#### Data supplied:
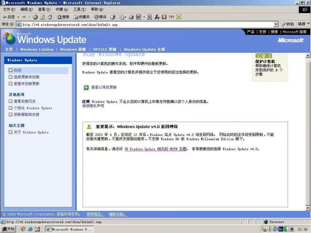 重要提示:Windows Update v4.0 恢复运作 截至2023年4月,在将近12年后,Windows Update v4.0 将恢复运作。目前网站的功能将受到限制,只能安装关键更新,不提供驱动程序支持,眼下尚不支持Windows 98或Windows Millennium Edition。 有关详细信息,请访问与 Windows Update 相关的MSFN主题。非常感谢您选择 Windows Update v4.0。
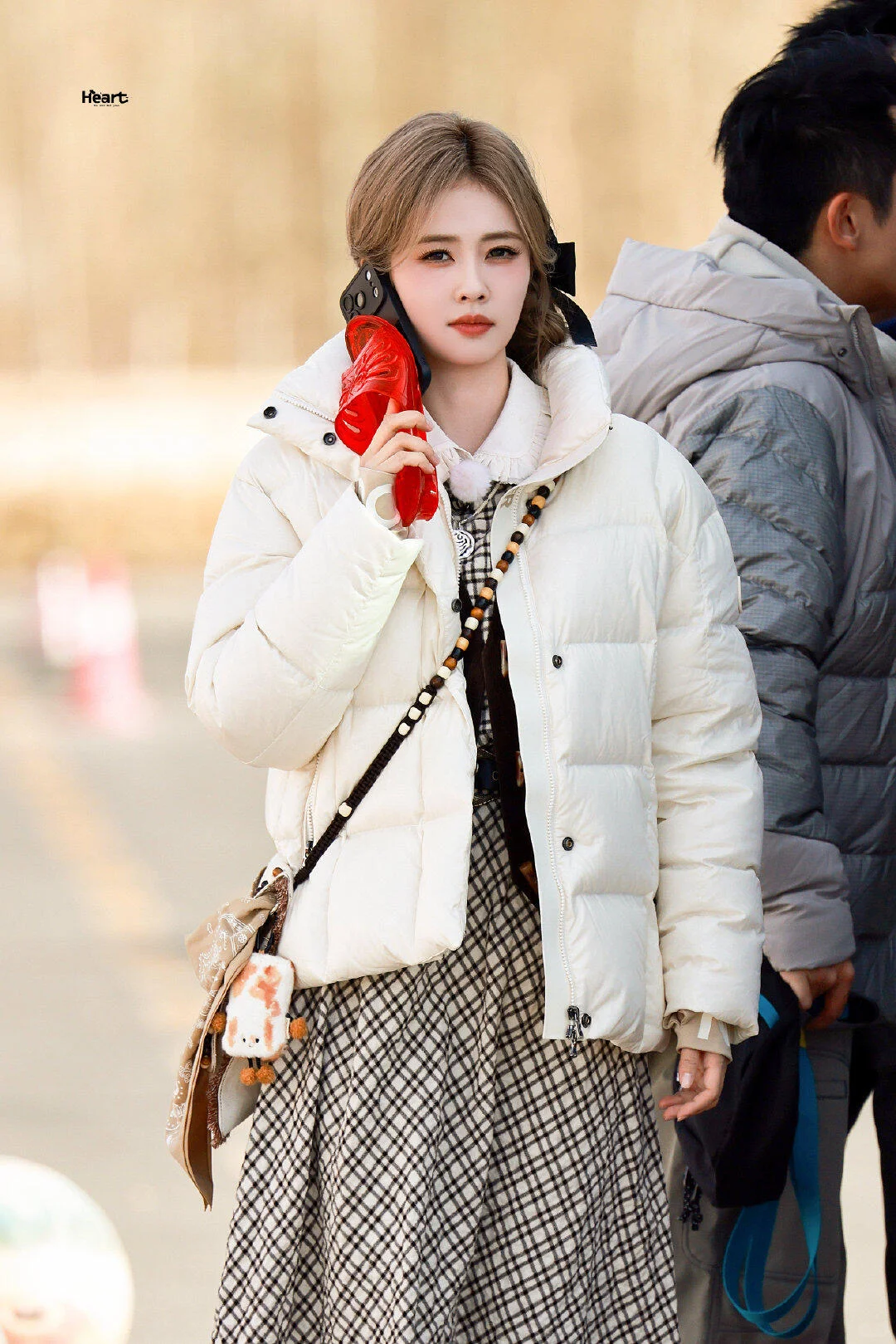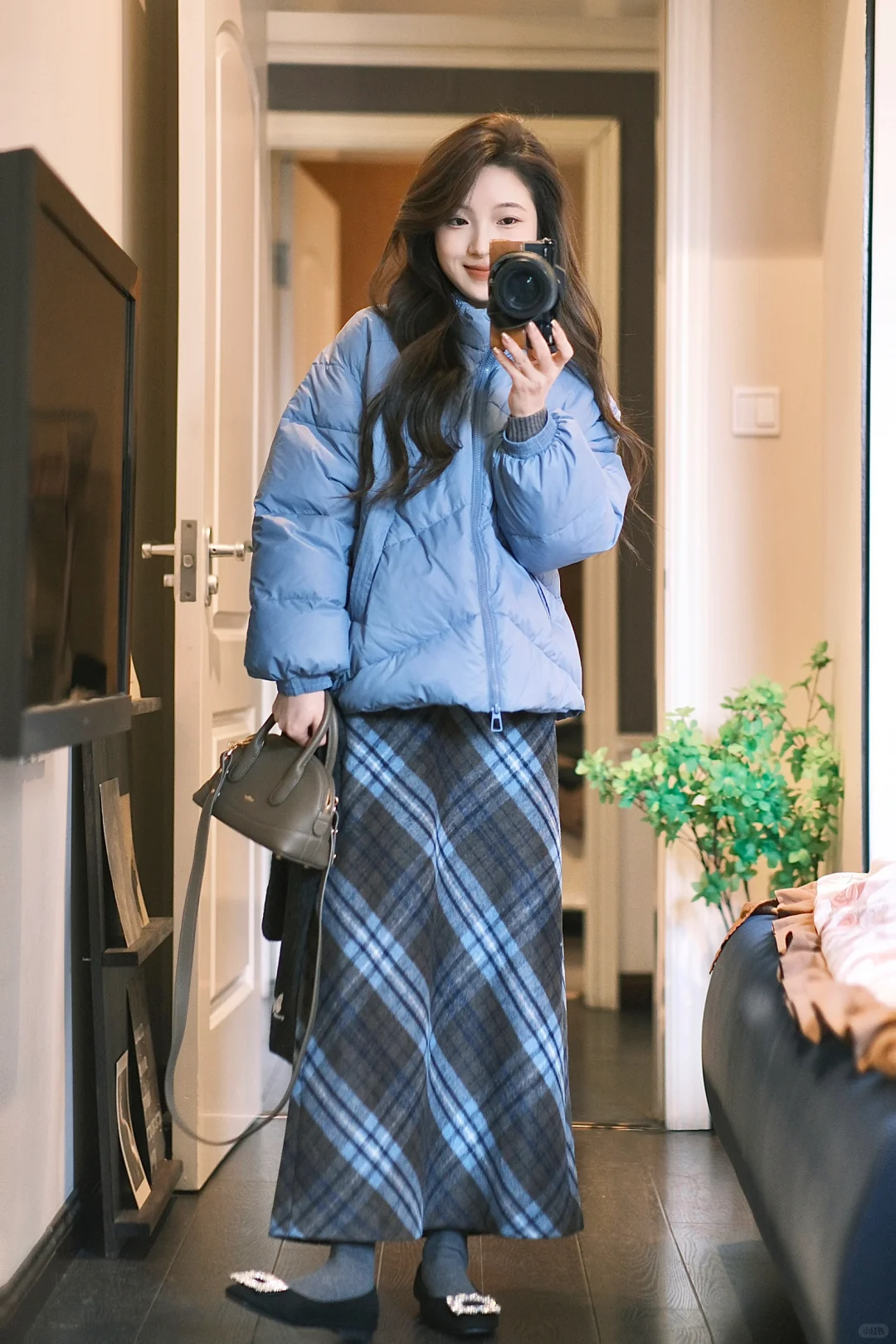 羽绒服+格子裙
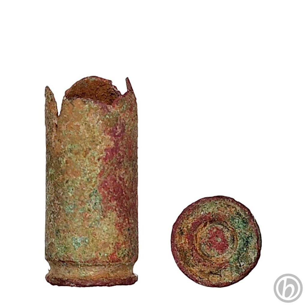 Il fondello è molto incrostato e sono appena intuibili le sigle del responsabile della produzione “B∙P”, dello stabilimento ed anno di produzione “C-900”.
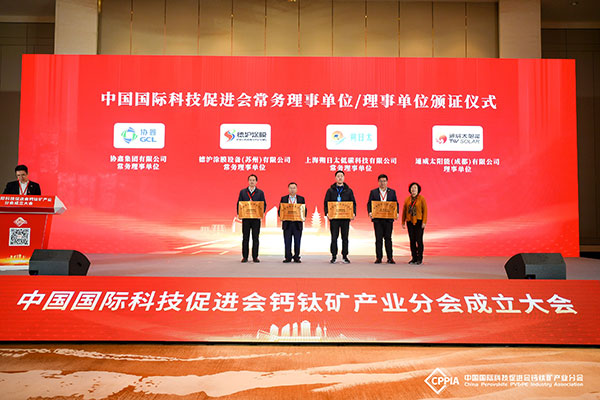 為更好地推進鈣鈦礦電池研究的快速發(fā)展,加強鈣鈦礦產(chǎn)、學(xué)、研的國際交流,會議期間中國國際科技促進會特別成立“中國國際科技促進會鈣鈦礦產(chǎn)業(yè)分會”。通威太陽能(成都)有限公司成為“中國國際科技促進會理事單位”及“科促會鈣鈦礦產(chǎn)業(yè)分會副會長單位”。光伏研究院院長蔣方丹博士受聘為“科促會鈣鈦礦產(chǎn)業(yè)分會副會長”。
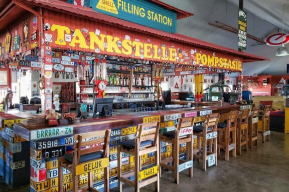 The road now leads through the Gondwana Canyon Park, a 130 000-hectare private nature reserve, past the old limestone kiln at Holoog, which is visible before the turn-off to the Fish River Canyon and Canyon Roadhouse. The red-roofed Roadhouse appears 16km further on with its wonderful collection of classic automobiles. You have reached your friendly and colourful home for the next two nights, to rest, explore, and fill up on smiles and its famous Amarula cheesecake.
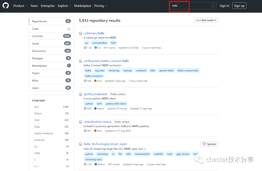 在Github上搜hdfs可以看到哪些语言支持hdfs的操作
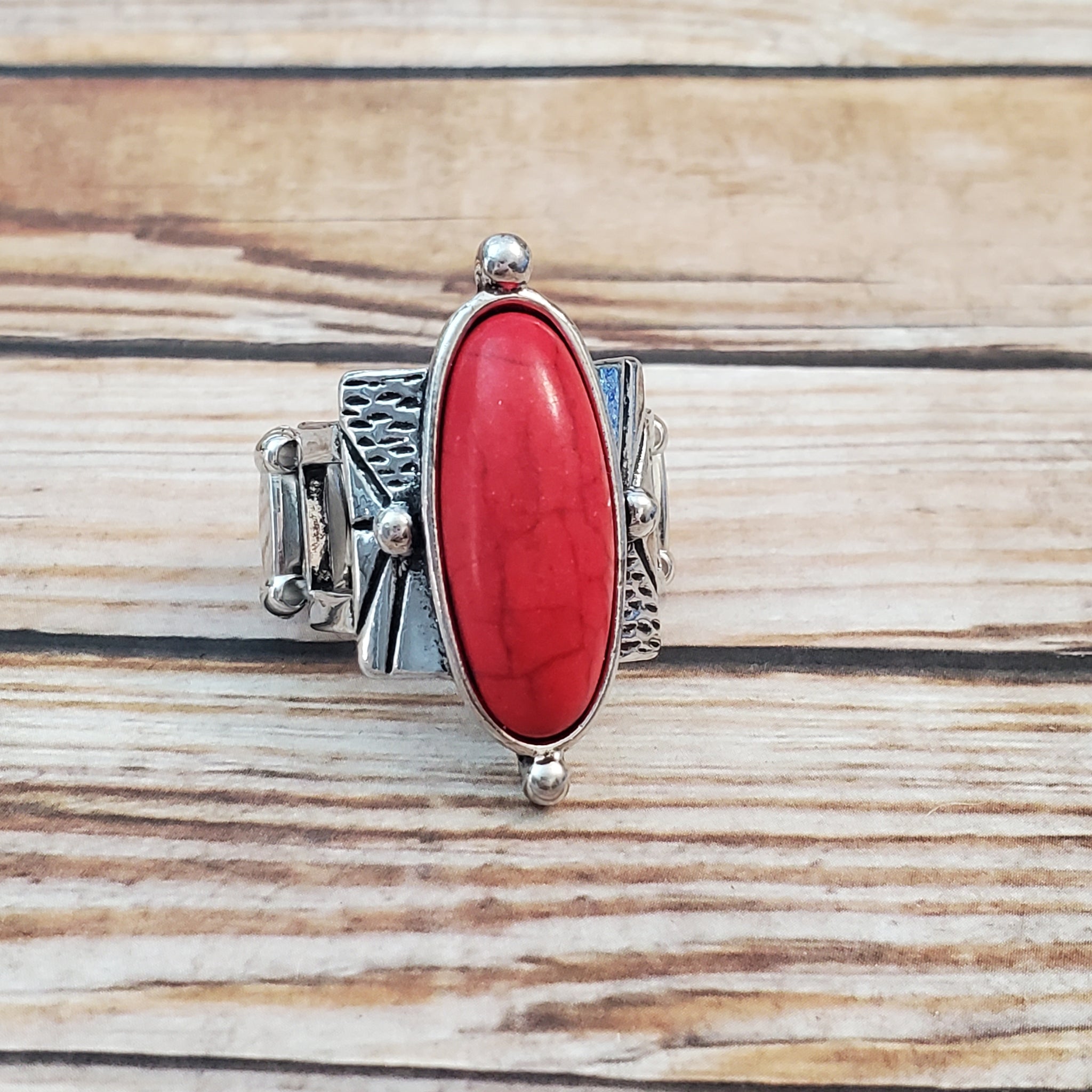 An oval red stone is nestled inside a studded silver fitting that sits atop a decorative silver frame stamped in tribal inspired textures, creating a rustic centerpiece. Features a stretchy band for a flexible fit.
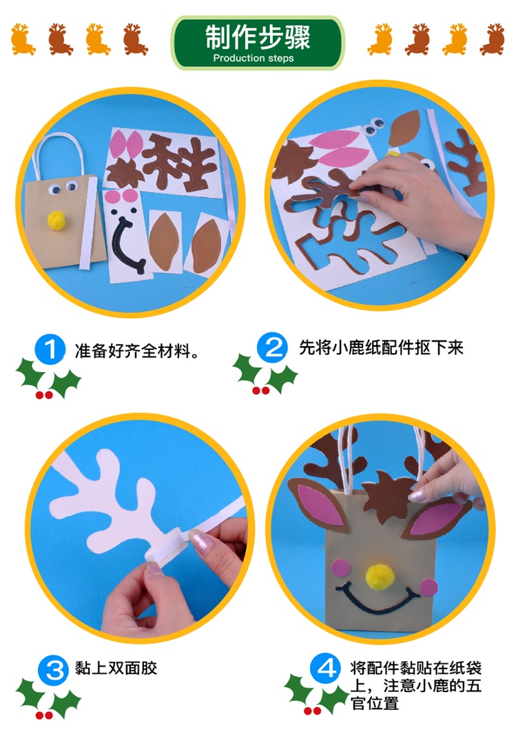 小鹿纸袋 动物礼物袋幼儿创意手工美可diy 儿童节益智精品 热卖
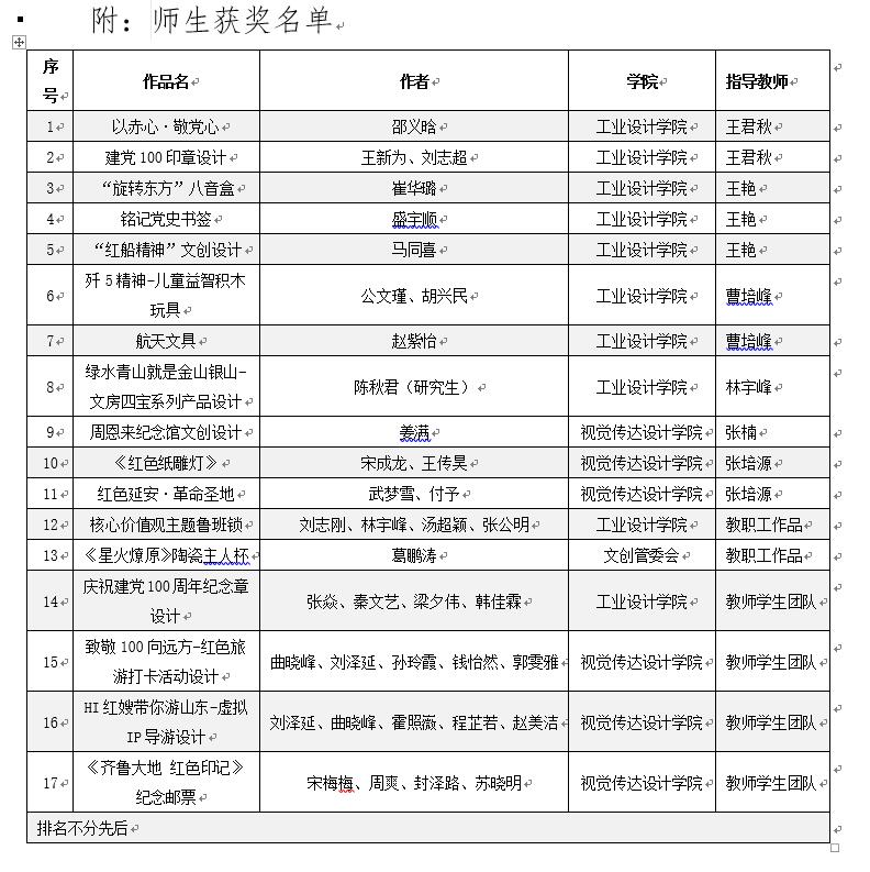 6月25日,第三届山东省文化和旅游商品创新设计大赛暨“致敬100·红色印记”文创产品征集活动落下帷幕,永利官网师生在大赛中喜获佳绩。此次活动是由山东省文化和旅游厅(以下简称:省文旅厅)主办,为庆祝中国共产党成立100周年,做好“8个100同庆建党百年”系列活动,以深入挖掘红色旅游资源的价值内涵,不断提升红色文创产品开发水平为目标进行的全国范围征集活动,共征集1040件作品。永利官网选送116件作品参与评选,最终37位师生的17件作品脱颖而出,入围山东省“庆祝建党100周年100款红色文创产品推荐名单。
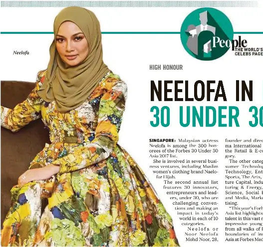 Pressreader The Star Malaysia 2017 04 14 Neelofa Among 300 To Make It To Forbes 30 Under 30 List

#### What is required:
Transcribe every entry above exactly. Omit all pictures.

#### Response area:
 重要提示:Windows Update v4.0 恢复运作 截至2023年4月,在将近12年后,Windows Update v4.0 将恢复运作。目前网站的功能将受到限制,只能安装关键更新,不提供驱动程序支持,眼下尚不支持Windows 98或Windows Millennium Edition。 有关详细信息,请访问与 Windows Update 相关的MSFN主题。非常感谢您选择 Windows Update v4.0。
 羽绒服+格子裙
 Il fondello è molto incrostato e sono appena intuibili le sigle del responsabile della produzione “B∙P”, dello stabilimento ed anno di produzione “C-900”.
 為更好地推進鈣鈦礦電池研究的快速發(fā)展,加強鈣鈦礦產(chǎn)、學(xué)、研的國際交流,會議期間中國國際科技促進會特別成立“中國國際科技促進會鈣鈦礦產(chǎn)業(yè)分會”。通威太陽能(成都)有限公司成為“中國國際科技促進會理事單位”及“科促會鈣鈦礦產(chǎn)業(yè)分會副會長單位”。光伏研究院院長蔣方丹博士受聘為“科促會鈣鈦礦產(chǎn)業(yè)分會副會長”。
 The road now leads through the Gondwana Canyon Park, a 130 000-hectare private nature reserve, past the old limestone kiln at Holoog, which is visible before the turn-off to the Fish River Canyon and Canyon Roadhouse. The red-roofed Roadhouse appears 16km further on with its wonderful collection of classic automobiles. You have reached your friendly and colourful home for the next two nights, to rest, explore, and fill up on smiles and its famous Amarula cheesecake.
 在Github上搜hdfs可以看到哪些语言支持hdfs的操作
 An oval red stone is nestled inside a studded silver fitting that sits atop a decorative silver frame stamped in tribal inspired textures, creating a rustic centerpiece. Features a stretchy band for a flexible fit.
 小鹿纸袋 动物礼物袋幼儿创意手工美可diy 儿童节益智精品 热卖
 6月25日,第三届山东省文化和旅游商品创新设计大赛暨“致敬100·红色印记”文创产品征集活动落下帷幕,永利官网师生在大赛中喜获佳绩。此次活动是由山东省文化和旅游厅(以下简称:省文旅厅)主办,为庆祝中国共产党成立100周年,做好“8个100同庆建党百年”系列活动,以深入挖掘红色旅游资源的价值内涵,不断提升红色文创产品开发水平为目标进行的全国范围征集活动,共征集1040件作品。永利官网选送116件作品参与评选,最终37位师生的17件作品脱颖而出,入围山东省“庆祝建党100周年100款红色文创产品推荐名单。
 Pressreader The Star Malaysia 2017 04 14 Neelofa Among 300 To Make It To Forbes 30 Under 30 List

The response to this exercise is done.